There’s something a bit surreal about walking through the woods, looking for the place where you will be buried. In most respects, it’s just like any other late-afternoon hike in the woods – peaceful, relaxing, away-from-it-all – the only sound, that of crickets, birds, and a lone frog. But there’s also that heightened awareness — spiritual radar, if you will – scanning for just the right energy, just the right frequency.
That, and the fact that every so often, you catch a glimpse of a subtle, engraved, natural stone that indicates – through a name, some dates, perhaps a brief saying – that someone else, is already buried there.
… Here’s a place that feels OK. But I move on. Here’s another that might be alright … yet I remain restless, and the hike continues. Down a winding path, to a creek whose gentle flow I had been hearing through the trees. Ramsey Creek. Some rocks create a small “waterfall,” maybe a couple of feet high. I love waterfalls. But again, this just doesn’t feel quite right.
So I begin to ascend, once again – this time, taking a different path. I stop for a moment when I notice a simple flat stone that reads “Thank you Nature – Evelyn.” The iconic image that is included in the beautiful green burial documentary “A Will for the Woods.” I sit down on the other side of the path and rest, paying my respects to Evelyn, and pondering how – though I did not know her – I have something profound and, yes, something eternal in common with her. Something more than merely being human and being mortal (though that would be enough). I think we share the feeling of being called to go against the grain of modern American culture, and be buried in the old way.
I spend some time, communing with Evelyn, and with the Nature to which she was so grateful – and so connected. And then I continue up the hill.

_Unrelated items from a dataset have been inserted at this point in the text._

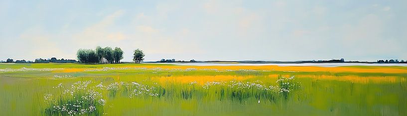 Gouden Band Weide - Dit landschap ademt ruimte en zachtheid — een breed, laag liggend uitzicht waarin een uitgestrekte bloemenweide en een smalle waterbaan elkaar afwisselen als twee noten in een eenvoudige melodie. Het is een bloemenveld schilderij dat niet schreeuwt, maar fluistert: eerst de groene massa van het gras, vervolgens…
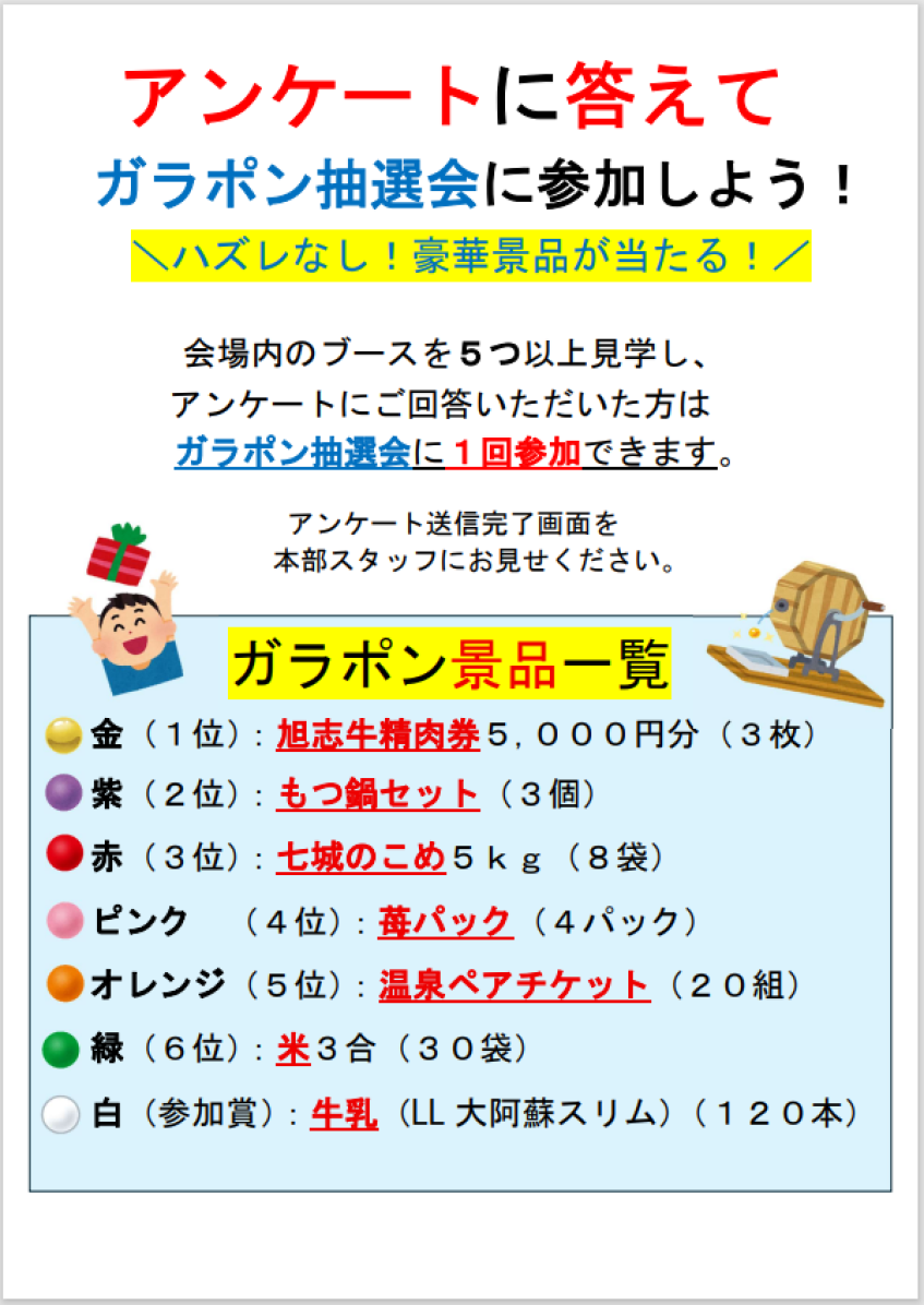 会場のブースを5つ以上見学しアンケートにご回答いただいた方は、ガラポン抽選会に参加できます。
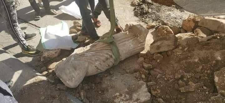 وأظهرت صور جرى تداولها لحظة إخراج التمثال وتجمهر عدد من عمال الأمانة حوله.
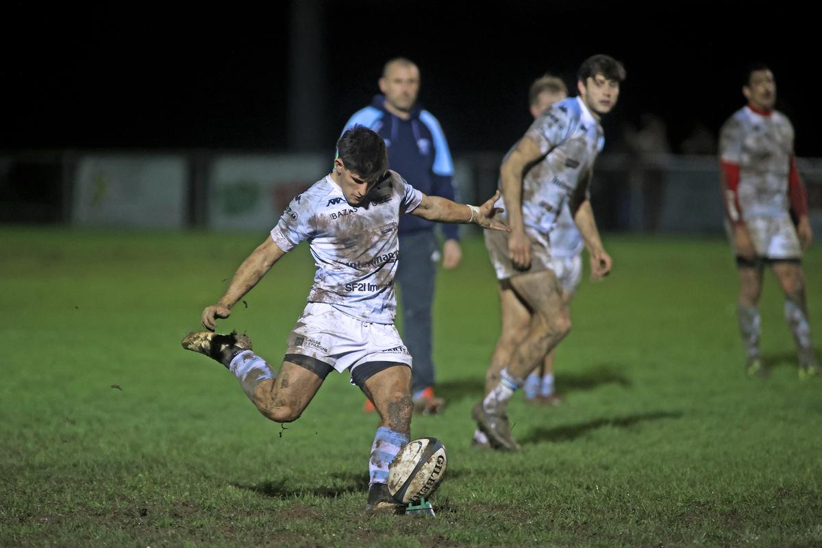 BAZAS 1 essai Charrier (41e), 1 transformation Gourg (41e), 3 pénalités Commere (30e), Gourg (54e, 64e)
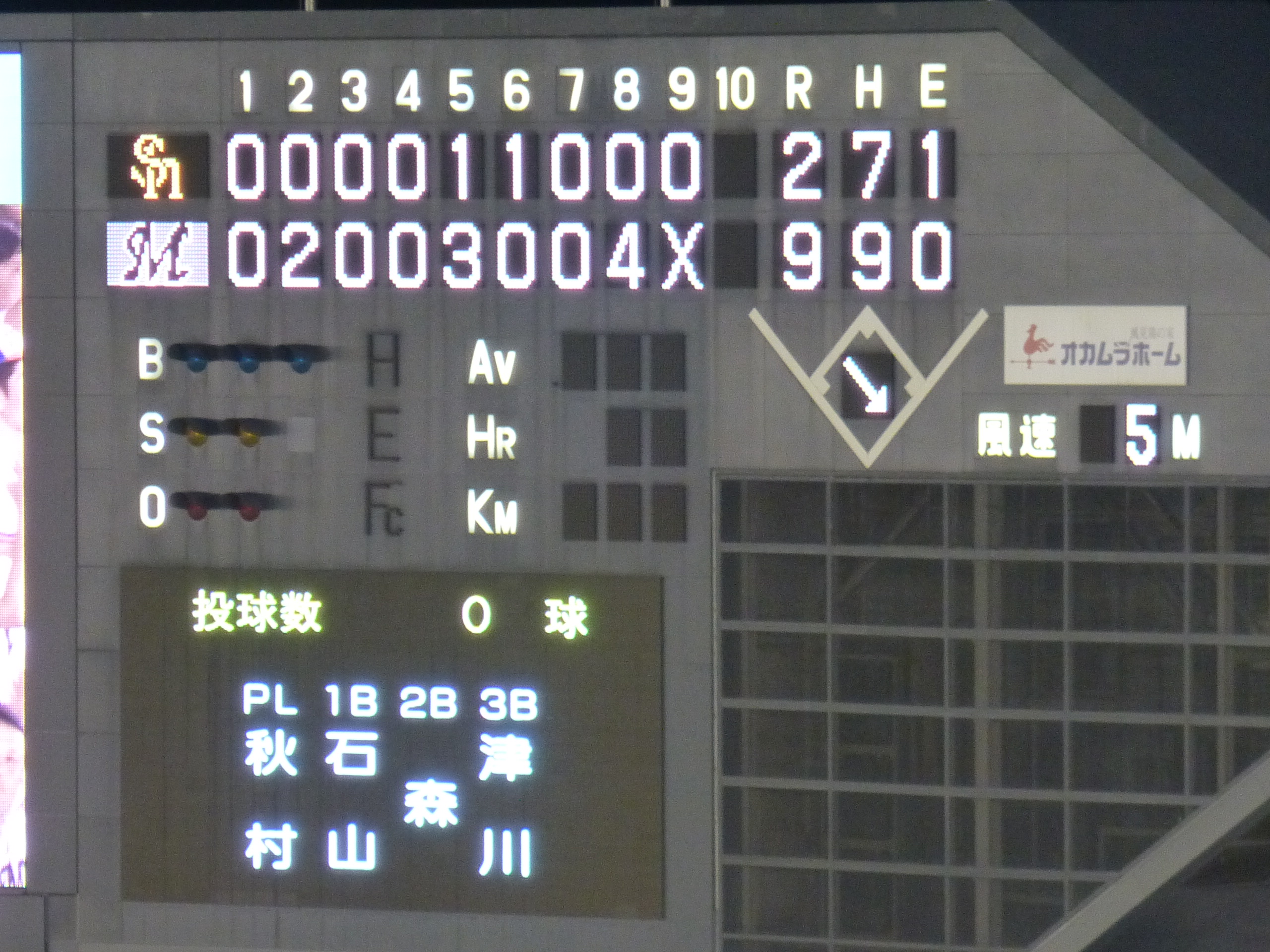 4番ホワイトセルのホームラン、荻野のタイムリー、成瀬10勝目。
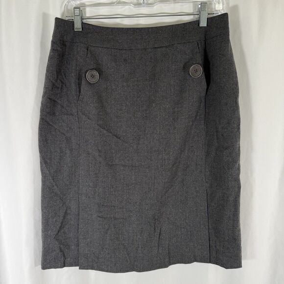 Talbots Wool Blend Skirt Women's 10 Grey Pockets Lined Zip Back Knee Length

As the terrain levels out, I realize the sun is now slanting at a lower angle through the trees. I listen carefully, and can hear the creek in the distance. I look across a ravine, and see nothing but forest – stately, old-growth trees interspersed with younger trees and understory growth, the occasional flowering bush or shrub, mushrooms and moss.
A young pine tree, somewhat shorter than I am, catches my eye. An open space, covered with leaves and pine cones, next to the trail beckons me. I sit down once more – and immediately feel at peace. At home. And I know: This is it.
I have found the spot where I would want to be buried. The spot where I can envision my family and loved ones, every so often, coming to sit, just like I am, right now.
Maybe I will be buried here. Maybe I won’t. There remain other places to explore. South Carolina is a long way from Ohio. I still hope to one day create a natural burial sanctuary like Ramsey Creek – and thus, perhaps, my own permanent resting place – in Southwest Ohio, where I have lived for more than a dozen years.
But sitting here now, I am awash with a sense of profound, deep peace – knowing that my quest to return naturally to the earth, in a way that can help sustain and steward the ecosystem, may ultimately be fulfilled. Maybe even in this very spot.
It is good to know where you are going.